Work to be completed ->
A faithful copy of the data below is required, leaving out every picture.

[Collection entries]
◆ ◆ ◆ ◆ ◆

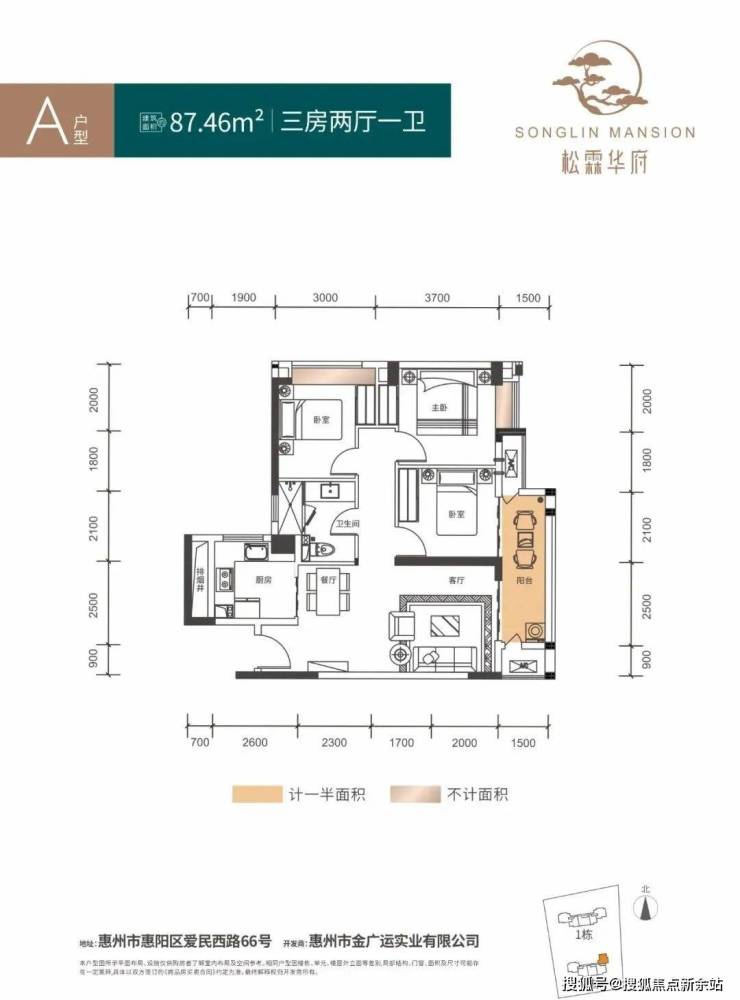 松霖华府位于惠州市惠阳爱民西路66号,沿爱民西路、兴湖路500m距离即是惠阳城市主干道——白云大道,从白云大道无缝连接深圳坪山大道。开车15分钟即可到达深圳地铁14号线坪山沙田站,约50分钟可快速到达深圳各主要区域。项目总占地约8950㎡,总建面约4.5万㎡,容积率3.5,绿化率30%,目前规划有2栋高层住宅及商业,社区内将打造“新中式风情”园林、全龄段架空层、健身区、休闲凉亭等配套。项目周边集商业、教育、医疗、生态于一体——周边三公里商圈环伺(铂金广场、沃尔玛、天虹超市、家乐福、诚杰壹中心等醇熟商业圈),吃喝玩乐购举步即达,尽展都市繁华,悦享受潮流前线;项目周边教育可谓是名校云集,群星幼儿园、群星小学就在家门口,与省一级学校惠阳中山中学仅一墙之隔,另外惠阳区太阳岛中英文学校、土湖小学、东王实验学校、西区第二小学、淡水中心小学(市一级)、惠阳第四中学(市一级)、惠阳第一中学(省一级)、崇雅中学(省一级)等名校在旁,从幼儿园、小学到高中都可近距离上学,高知为伴,迁善而居,润泽孩子的人文气质;十分钟迅速通达三家医院(南湖门诊部、惠阳三和医院、惠阳区中医院、惠民医院的医疗资源),为爱保驾护航;毗邻约33万㎡原生态坪山河湿地公园,坐拥城市绿肺,实现理想人居。松霖华府 ·户型鉴赏
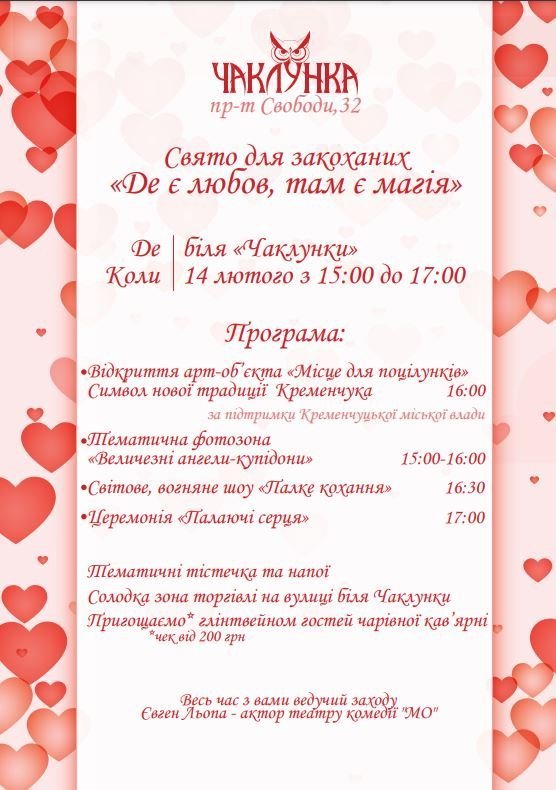 Свято відбудеться біля магічної кав’ярні «Чаклунка» 14 лютого з 15 до 17 години .
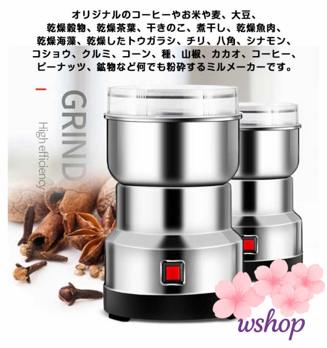 【wshop】電動製粉機 製粉機 製粉器 家庭用 電動 ミルミキサー コーヒーミル ミルメーカー ステンレス 電動ミル グラインダー 小型 軽量 微粉末 米粉高速乾燥製粉器 家庭用 業務用 粉砕機 ミルミキサー お手入れ簡単
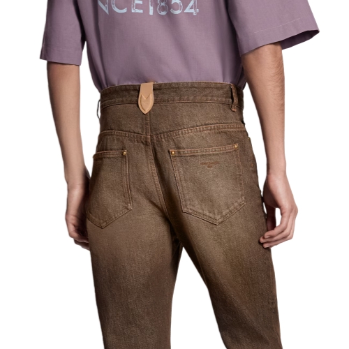These flared organic denim pants come in the Spring-Summer 2026 show’s iconic Coffee Indigo Denim. They evoke the House’s trunk-making heritage with yellow top-stitching, old-gold toned rivets and a signed VVN-colored leather belt loop on the rear waist. These pants have a washed vintage finish and can be styled with a matching shirt.
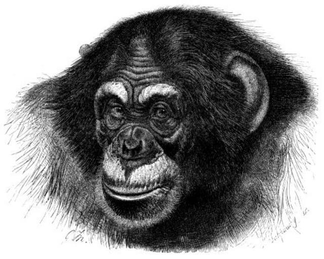 Keywords: Chimpanzee head sketch.png Head of a chimpanzee uploaded by Roger Zenner date 2005/17/03 license public domain taken from Brehms Tierleben 1887 License PD-old Chimpanzees in art Brehms Tierleben Primate Drawings of chimpanzees
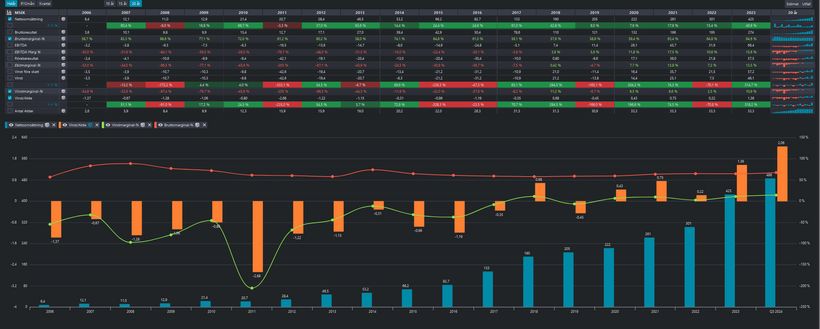 - Bruttomarginal: Under 2006–2012 varierade marginalen mellan 50–70 %, men har sedan dess stabiliserats på högre nivåer och låg 2023 på 64,6 %. Detta visar på en robust affärsmodell som genererar starkt värde från försäljning.

◆ ◆ ◆ ◆ ◆

Exercise result ->
 松霖华府位于惠州市惠阳爱民西路66号,沿爱民西路、兴湖路500m距离即是惠阳城市主干道——白云大道,从白云大道无缝连接深圳坪山大道。开车15分钟即可到达深圳地铁14号线坪山沙田站,约50分钟可快速到达深圳各主要区域。项目总占地约8950㎡,总建面约4.5万㎡,容积率3.5,绿化率30%,目前规划有2栋高层住宅及商业,社区内将打造“新中式风情”园林、全龄段架空层、健身区、休闲凉亭等配套。项目周边集商业、教育、医疗、生态于一体——周边三公里商圈环伺(铂金广场、沃尔玛、天虹超市、家乐福、诚杰壹中心等醇熟商业圈),吃喝玩乐购举步即达,尽展都市繁华,悦享受潮流前线;项目周边教育可谓是名校云集,群星幼儿园、群星小学就在家门口,与省一级学校惠阳中山中学仅一墙之隔,另外惠阳区太阳岛中英文学校、土湖小学、东王实验学校、西区第二小学、淡水中心小学(市一级)、惠阳第四中学(市一级)、惠阳第一中学(省一级)、崇雅中学(省一级)等名校在旁,从幼儿园、小学到高中都可近距离上学,高知为伴,迁善而居,润泽孩子的人文气质;十分钟迅速通达三家医院(南湖门诊部、惠阳三和医院、惠阳区中医院、惠民医院的医疗资源),为爱保驾护航;毗邻约33万㎡原生态坪山河湿地公园,坐拥城市绿肺,实现理想人居。松霖华府 ·户型鉴赏
 Свято відбудеться біля магічної кав’ярні «Чаклунка» 14 лютого з 15 до 17 години .
 【wshop】電動製粉機 製粉機 製粉器 家庭用 電動 ミルミキサー コーヒーミル ミルメーカー ステンレス 電動ミル グラインダー 小型 軽量 微粉末 米粉高速乾燥製粉器 家庭用 業務用 粉砕機 ミルミキサー お手入れ簡単
These flared organic denim pants come in the Spring-Summer 2026 show’s iconic Coffee Indigo Denim. They evoke the House’s trunk-making heritage with yellow top-stitching, old-gold toned rivets and a signed VVN-colored leather belt loop on the rear waist. These pants have a washed vintage finish and can be styled with a matching shirt.
 Keywords: Chimpanzee head sketch.png Head of a chimpanzee uploaded by Roger Zenner date 2005/17/03 license public domain taken from Brehms Tierleben 1887 License PD-old Chimpanzees in art Brehms Tierleben Primate Drawings of chimpanzees
 - Bruttomarginal: Under 2006–2012 varierade marginalen mellan 50–70 %, men har sedan dess stabiliserats på högre nivåer och låg 2023 på 64,6 %. Detta visar på en robust affärsmodell som genererar starkt värde från försäljning.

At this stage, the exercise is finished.